21-06-2012 [22:16] - ksena (niezweryfikowany) | Link: obecne pojednanie to kolejny akt polityczny
bezsensowny i chyba wymuszone bądź na życzenie świeckiego papieża czyli Putina.Przecież wiadomo,że cerkiew prawosławna jest narzędziem w ręku Putina,a patriarcha Cyryl nienawidzący Jana PawłaII całe lata sprzeciwiał się jego pielgrzymowaniu do Rosji.Ciekawe na czym to obecne ,,pojednanie'' mialoby polegać ,bo dyrdymały o wzajemnym przebaczaniu i zaciesnianiu więzów przyjaźni to zwyczajny nakaz tyle że w patetycznym sosie.Co Episkopat chce na tym ugrać? A może myśli,że palikociarnia przestanie atakować Kościół po tak wyraźnym geście ? Nic bardziej błędnego i naiwnego,co najwyżej wierni w imieniu których Episkopat tak ochoczo przeprasza zdegustowani odejda z Koscioła.
21-06-2012 [22:30] - Gość (niezweryfikowany) | Link: Nie chce się wierzyć!
Boże, Episkopat! Nie wie co czyni? A może to tylko warszawski abp do zadań specjalnych, czyli Nic?!
21-06-2012 [23:51] - maciej13 (niezweryfikowany) | Link: nie można tego wykluczyć
"A może to tylko warszawski abp do zadań specjalnych, czyli Nic?!" - nie można tego wykluczyć. Ciągle mała jest wiedza w narodzie o agenturze w kk. Ludzie się łudzą, że jeden był, tw filozof, a tu przydało by się pokazanie wszystkich zdrajców Polski
21-06-2012 [22:51] - Lysy (niezweryfikowany) | Link: Przepraszam, ale za co ja mam
Przepraszam, ale za co ja mam przepraszac Ruskich ? Za Rzez Pragi? , za 17IX1939, a moze za to ze wogole zyje?
21-06-2012 [23:01] - m. (niezweryfikowany) | Link: Za co?
Może zegarki naszych dziadków źle chodziły?
21-06-2012 [22:57] - m. (niezweryfikowany) | Link: wzajemne przebaczenie win
"Episkopat zapraszając na ten czas do Polski zwierzchnika Rosyjskiego Kościoła Prawosławnego patriarchy Cyryla I zamierza zapewne „uświetnić” polskim patriotom rocznicę rozgromienia sowietów w roku 1920."
Może przy okazji tę winę nam przebaczą nasi dobrzy sąsiedzi, bo nie bardzo wiem, o jaką inną może ekscelencjom chodzić...
"wezwanie do budowania wspólnej przyszłości" - szykuje się chyba powtórka z historii. Wezwania nie zaszkodzą, a może pomogą spacyfikować niepoprawnych Polaczków.
21-06-2012 [23:44] - Klara (niezweryfikowany) | Link: Trzeba dokładniej się przyjrzeć ustaleniom Issakowicza
Ks. Zalewski sporo mówił o uwikłaniach członków episkopatu w agenturę PRLu.

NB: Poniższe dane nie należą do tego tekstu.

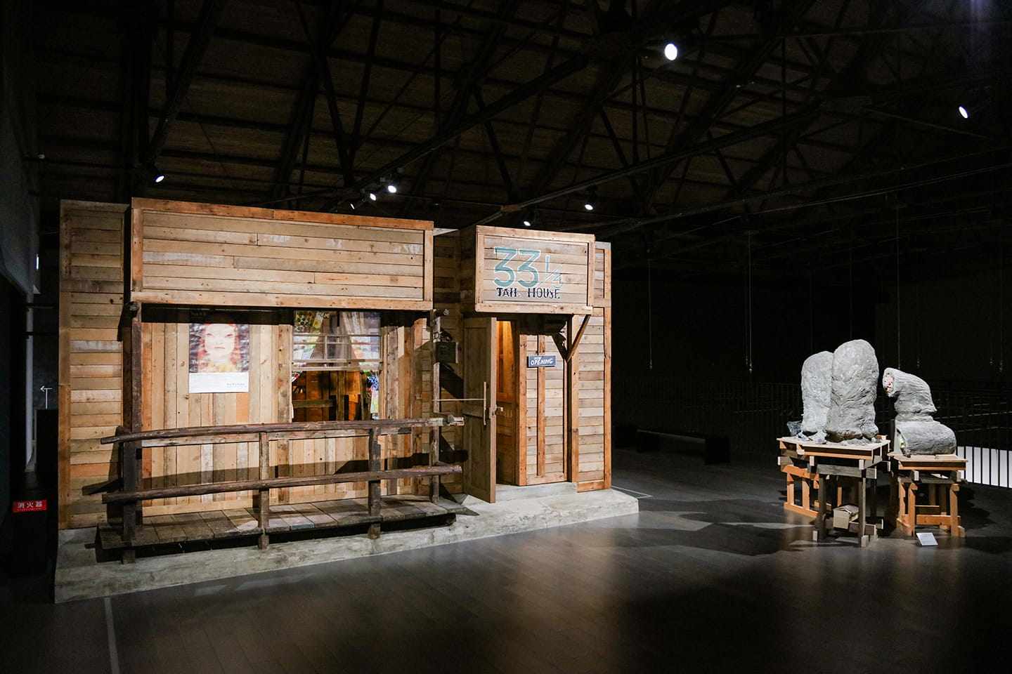 コレクション展には、奈良美智が学生時代にアルバイトしていたというロック喫茶「JAIL HOUSE 33 1/3」を再現した資料も展示されている。その右手には、杉戸洋とのユニット・シャギャーンによるリーゼントの彫刻作品が並ぶ。杉戸が高校生のとき通っていた美術予備校で講師を務めていた奈良とは、その後も現在に至るまで親交が続いている

Ktos kiedyś mi powiedział, że niby 80% biskupów miało współpracowac i temu tak to się kręci, stąd lustracja naszego kościoła tan nie poszła, stąd takie larum w obronie Petza czy Wielgusa -dopóki się dało.
Nie chce mi sie wierzyć, ale po tym co tu przeczytałam z pewnością będę zgłębiać powyższy temat. Nie dla sensacji a dla znalezienia sensu. Bo nie rozumiem. Nic a nic.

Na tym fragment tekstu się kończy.